A Cost‐Effective and Scalable Chemical Vapor Deposition Method for Lead‐Free Cs 3 Cu 2 Cl 5 Scintillators with Enhanced Radioluminescence Suitable for High‐Performance X‐Ray Imaging

Abstract The increasing demand for radiation detection in applications like medical diagnostics and security inspection drives scintillator research. Traditional scintillators are limited by toxicity, crystallization challenges, and high production costs. A one‐step chemical vapor deposition (CVD) method is developed to produce high‐purity, large‐area, and uniform Cs 3 Cu 2 Cl 5 microcrystalline film. This material utilizes a unique self‐trapped exciton (STE) emission mechanism, resulting in significant Stokes shift of 241 nm and a high photoluminescence quantum yield (PLQY).
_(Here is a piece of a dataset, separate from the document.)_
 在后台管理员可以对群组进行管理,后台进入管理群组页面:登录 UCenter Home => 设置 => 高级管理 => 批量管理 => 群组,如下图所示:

It offers new opportunities for converting X‐ray and high‐energy radiation. It shows a linear RL intensity increase with dose rates (25–188 µGy s −1 ), excellent dose‐response linearity, and high absorption coefficients comparable to commercial scintillators. This X‐ray imaging system allows for high‐resolution visualization of internal chip structures even at low doses. This work establishes a controllable synthesis method for large‐area scintillator films and highlights the potential of Cs 3 Cu 2 Cl 5 microcrystalline film as a next‐generation scintillators materials.